Mukozal yüzeyler maruz kaldıkları çok sayıda komensal mikroorganizma ve ekzojen antijene karşı spesifik ve nonspesifik bağışıklık yanıtı geliştirir. Sindirim, solunum ve ürogenital sistem, meme dokusu ve konjunktiva gibi mukozalarda doğal bağışıklık epitel hücre bariyeri, epitel siliaların hareketi, mukus ve sekresyonlar, antimikrobiyal maddeler ve NK hücreleri ile sağlanır. Mukozalarda kazanılmış bağışıklık ise sekunder lenfoid organ olarak adlandırılan mukoza ilişkili lenfoid dokular (Mucosa -associated lymphoid tissue, MALT) aracılığı ile sağlanır. Bu dokular bağırsaklar, akciğer ve bronş konjunktiva, larinks ve genital sistemde bulunur. Mukozalarda spesifik immun yanıtta, vücut salgılarında bol miktarda bulunan salgısal IgA (secretory immunoglobulin A, sIgA) antikorları görev alır.

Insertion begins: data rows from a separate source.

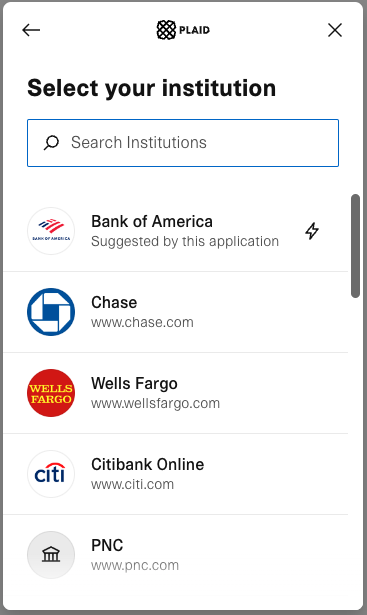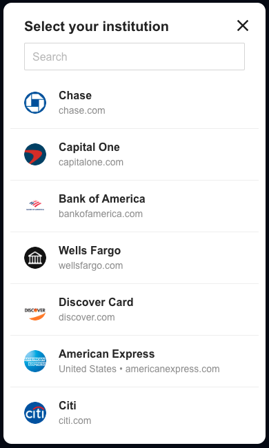 Once you launch the widget, the next step is for the user to pick their institution (aka bank).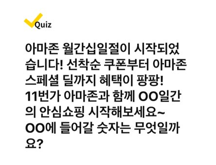 📝 아마존 월간십일절이 시작되었습니다! 선착순 쿠폰부터 아마존 스페셜 딜까지 혜택이 팡팡! 11번가 아마존과 함께 OO일간의 안심쇼핑 시작해보세요~ OO에 들어갈 숫자는 무엇일까요?
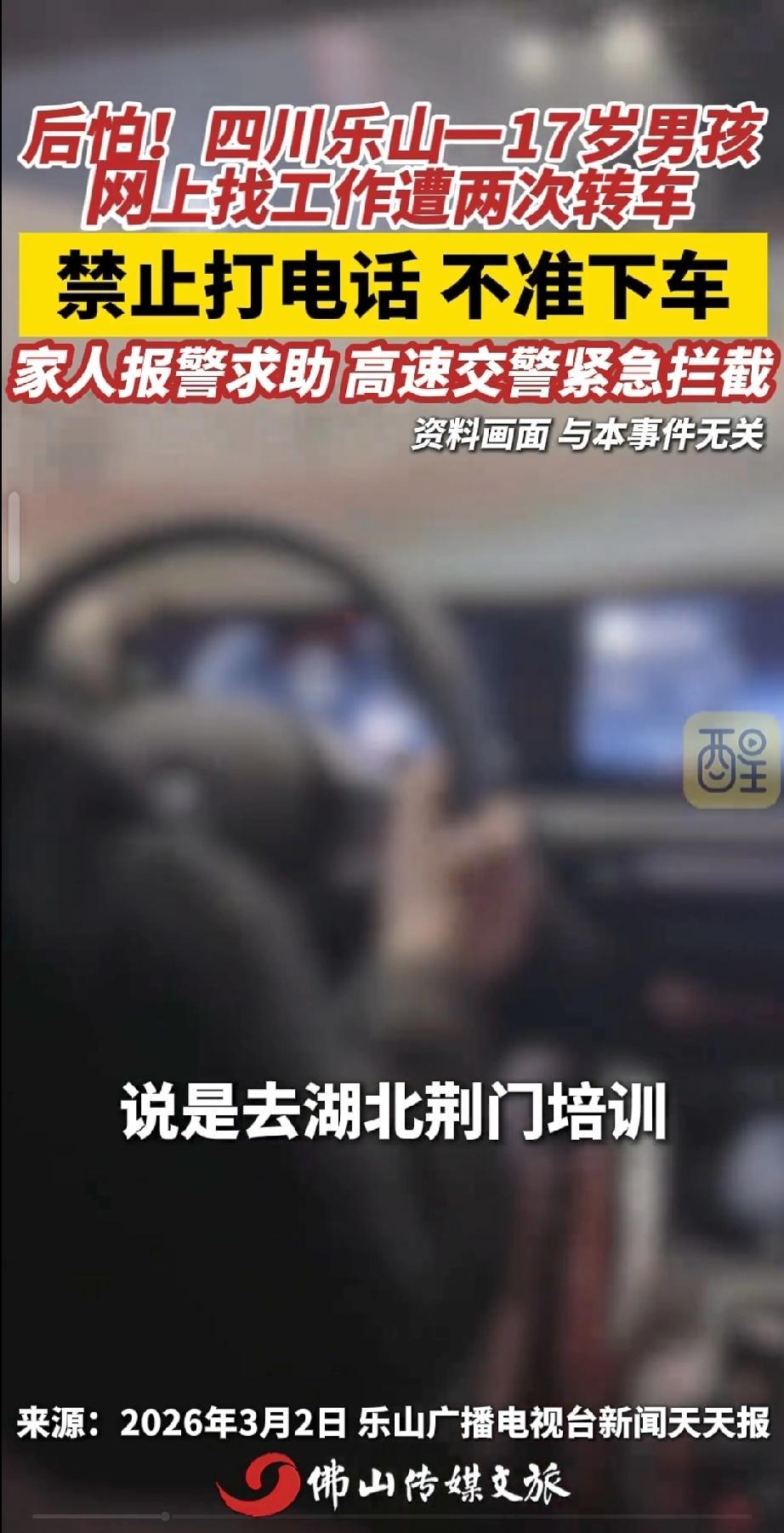 “太吓人了”!四川乐山一名17岁男孩只是想在网上找份保安工作,竟被人一步步诱骗上车,连续转车两次,全程被限制通话,不准打电话不准下车,稍有反抗就会被呵斥,如果不是家人警觉及时报警,如果不是高速交警连夜拦截,后果真不敢想 找工作差点断送自由,多少年轻人,都栽在了这不起眼的网络招聘上。 四川乐山一名17岁少年,只是想打份短工贴补家用,却一步步走进了陌生人布下的圈套。 如今回想整个过程,连家人都忍不住后怕,稍有差池,后果不堪设想。 2026年3月,假期里的少年想靠自己的双手赚点零花钱。 他随手在社交平台浏览招聘信息,一条保安岗位的广告,让他动了心。 招聘方宣称工作轻松、薪资稳定,还承诺统一安排异地岗前培训,全程免费。 涉世未深的孩子,根本分辨不出其中的猫腻,只觉得这是一份安稳的好工作。 对方全程态度温和,没有索要押金、报名费,一步步降低少年的防备心。 按照对方的指引,少年没有和家人细说,独自按照约定时间前往乘车点。 3月2日下午,少年坐上了对方安排的私家车,上车的瞬间,他就察觉了异常。 车上没有其他应聘者,司机全程沉默,只催促尽快驶入高速,绝不透露目的地。 行驶不久,车辆停靠在高速旁,少年被强制要求换乘大巴,这是控制的开始。 大巴上坐着好几个和他年纪差不多的孩子,全都面色紧张,无人敢说话。 看管人员态度强硬,当场收缴所有人的手机,严禁与外界联系。 不许打电话、不许发消息、不许擅自下车,反抗就会被严厉呵斥。 少年吓得浑身发抖,只能假装顺从,找准空隙,偷偷给家人发送了定位。 他只简单写下自己被控制,消息断断续续,却成了唯一的救命信号。 家人看到信息后,立刻拨打孩子电话,刚接通就被强行挂断,反复拨打均被拒接。 家人瞬间明白,孩子不是去培训,而是被非法控制,当即选择报警求助。 警方接到报警后,立即启动联动机制,联合高速交警展开紧急救援。 此时大巴车已经驶离乐山境内,在高速上持续行驶,距离越来越远。 深夜的高速气温极低,民警根据实时定位,一路追踪,不敢有任何停顿。 他们精准分析行车路线,在关键路段层层布控,只为最快速度截停车辆。 经过数小时的连夜追击,3月3日凌晨,警方终于锁定目标大巴车。 在高速路段成功将车辆逼停后,民警迅速上车,控制了所有看管人员。 被解救的那一刻,少年再也忍不住情绪,眼眶通红,长时间的恐惧终于释放。 他说自己全程不敢哭闹,只能默默忍耐,生怕激怒对方,遭遇更危险的对待。 经检查,少年身体并无外伤,只是长期处于紧张状态,精神受到了不小的惊吓。 与他一同被解救的,还有多名同样被诱骗的青少年,均平安无恙。 目前,涉案人员已被警方依法控制,案件正在进一步深挖办理中。 这件事,给所有家长和青少年敲响了警钟,网络招聘的陷阱远比想象中隐蔽。 很多骗子打着高薪、轻松、包吃住、异地培训的旗号,专门瞄准涉世未深的年轻人。 一旦要求单独乘车、多次转车、没收手机、限制人身自由,必定是骗局。 青少年找工作,一定要通过正规企业、官方平台,切勿轻信陌生信息。 出门务工前,务必告知家人行程,遇事多商量,不要独自做决定。 有网友感慨,现在的诈骗手段越来越隐蔽,温柔的话术背后,全是算计。 也有家长表示,平时总觉得孩子长大了,却忘了社会复杂,人心难测。 我们总以为危险离自己很远,可一旦发生,就是整个家庭的灾难。 保护孩子,不只是衣食无忧,更要教会他们识别危险,守住安全底线。 平安从来都不是小事,多一分警惕,就少一分危险,这是最朴素的道理。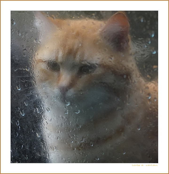 Comunque l'effetto vetro bagnato su questo bel gatto ci sta' propio bene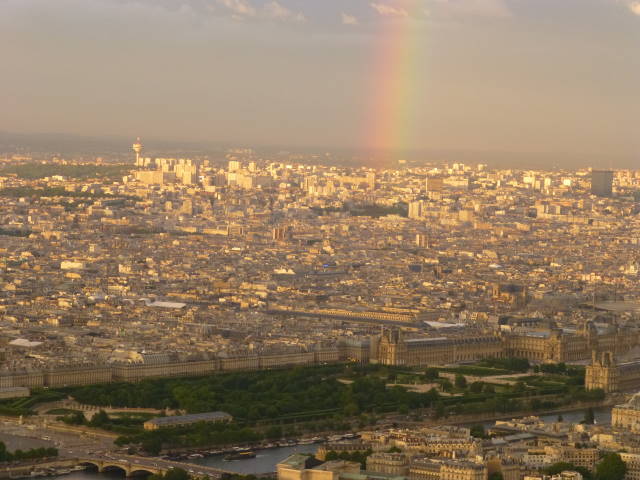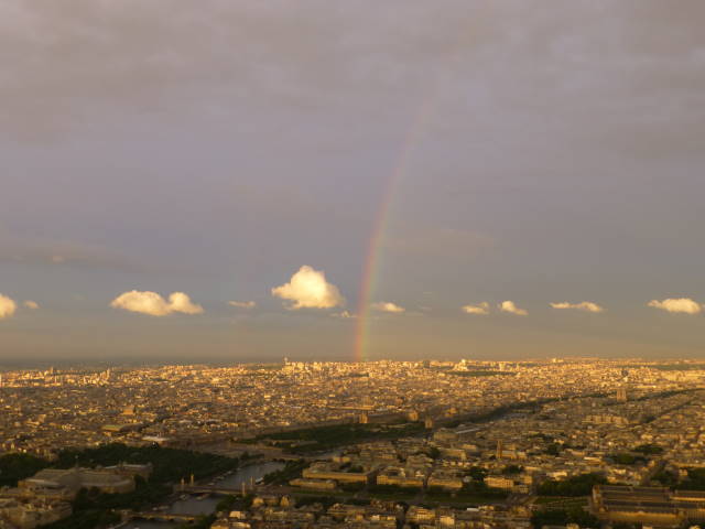 展望台に着いたら、運良く虹が見えました! 真ん中の写真中央下の横に長い建物がルーヴル宮殿(Palais du Louvre)、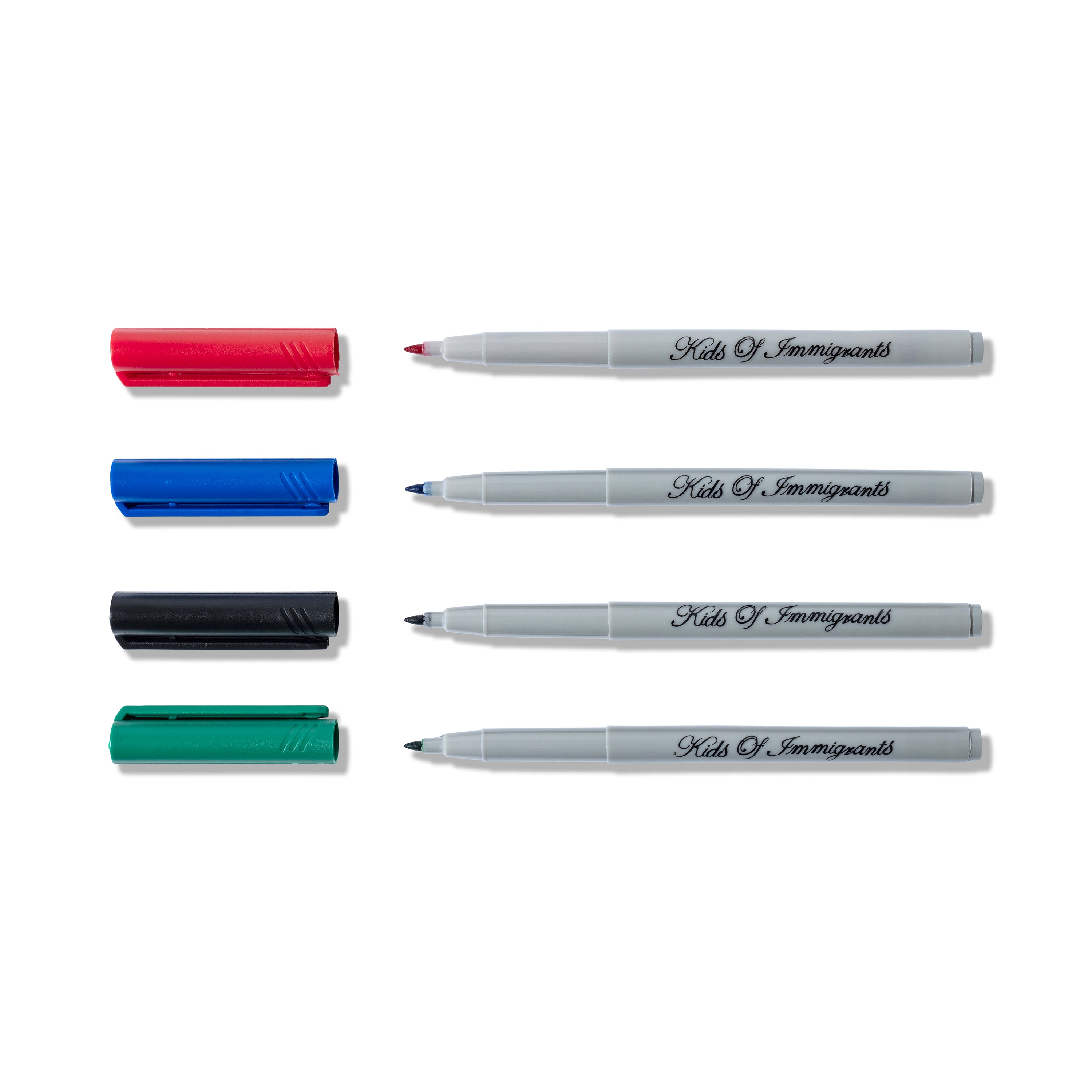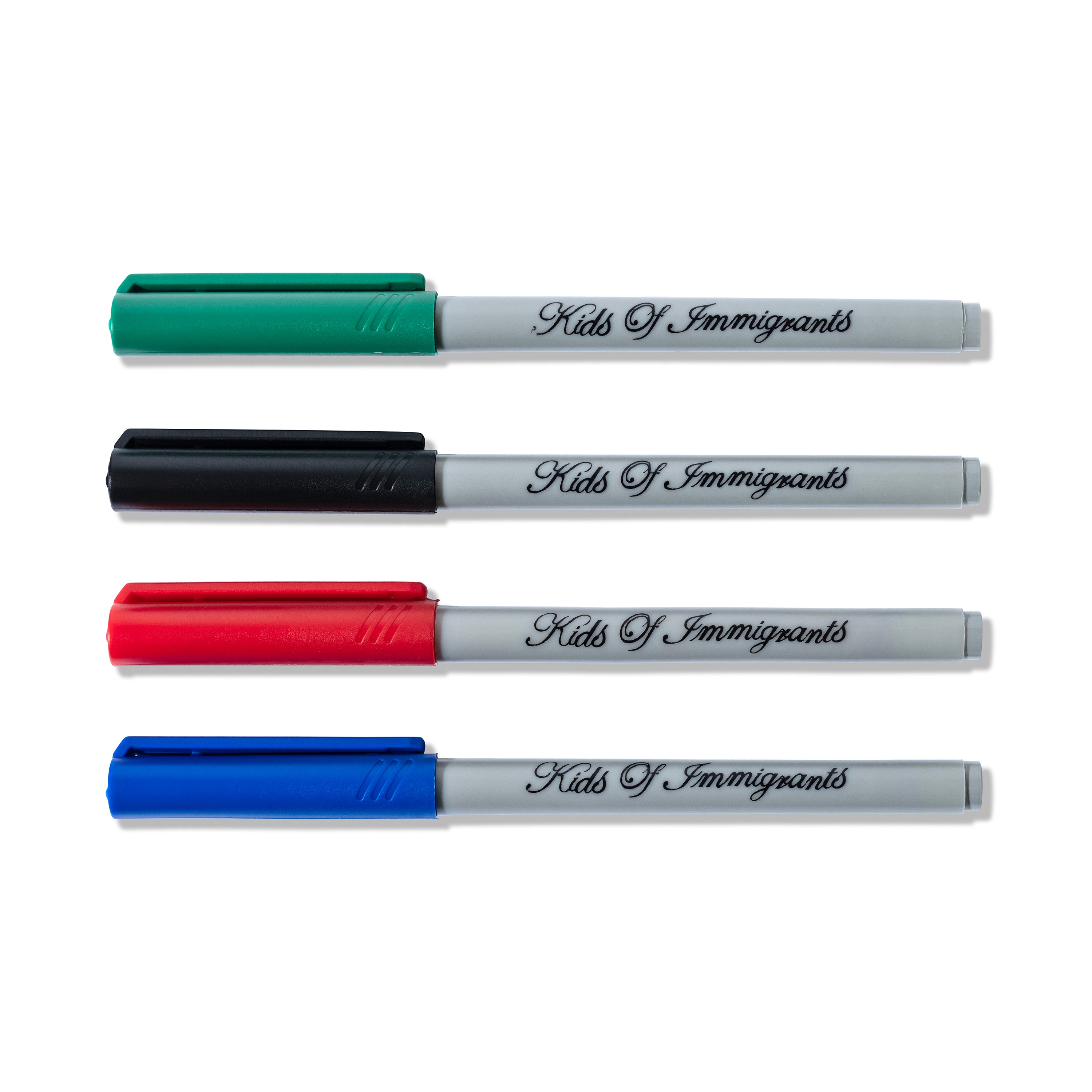 This four-pack of markers features our Kids of Immigrants script logo and includes four different colors: Red, Green, Black, and Blue.
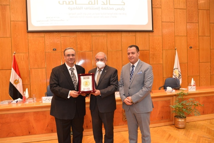 الدكتور طارق الجمال درع الجامعة للمستشار خالد القاضي تكريمًا له على مشاركته في فعاليات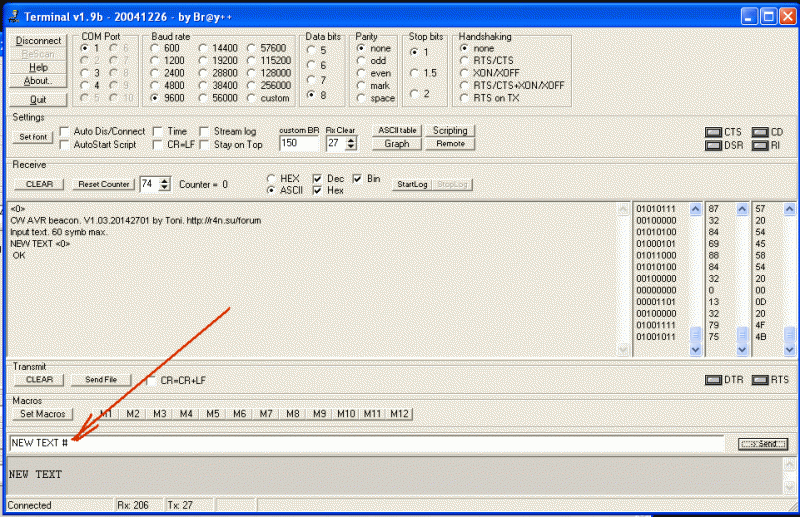 Временно соединяем 28 ногу процессора с минусом (общим проводом), подаём питание на МК. Маяк должен телеграфом передать текст "NEW TEXT", после этого в терминале должно появится сообщение

Mukozalarda plazma hücreleri tarafından üretilen polimerik IgA (pIgA), epiteliyal hücreler tarafından üreten polimerik Ig reseptörüne (pIgR) bağlanarak mukozal epitelyal hücreler boyunca taşınır ve mukozal sekretlere geçerek sIgA halini alır. Mukozal yüzeylerde sIgA’lar, virus ve toksinlerin nötralize edilmesi, patojenlerin adhezyon ve kolonizasyonunun önlemesi gibi temel antikor fonksiyonlarını yürütür. Mukozal bağışıklıkta görevli olan bir başka spesifik bağışıklık elemanı da mast hücrelerine bağlı yangısal reaksiyonları başlatan IgE’dir. Mukozal dokularda mikroorganizmalara karşı bağışıklıkta sitotoksik T - lenfositler ve NK hücrelerinin de rolü vardır.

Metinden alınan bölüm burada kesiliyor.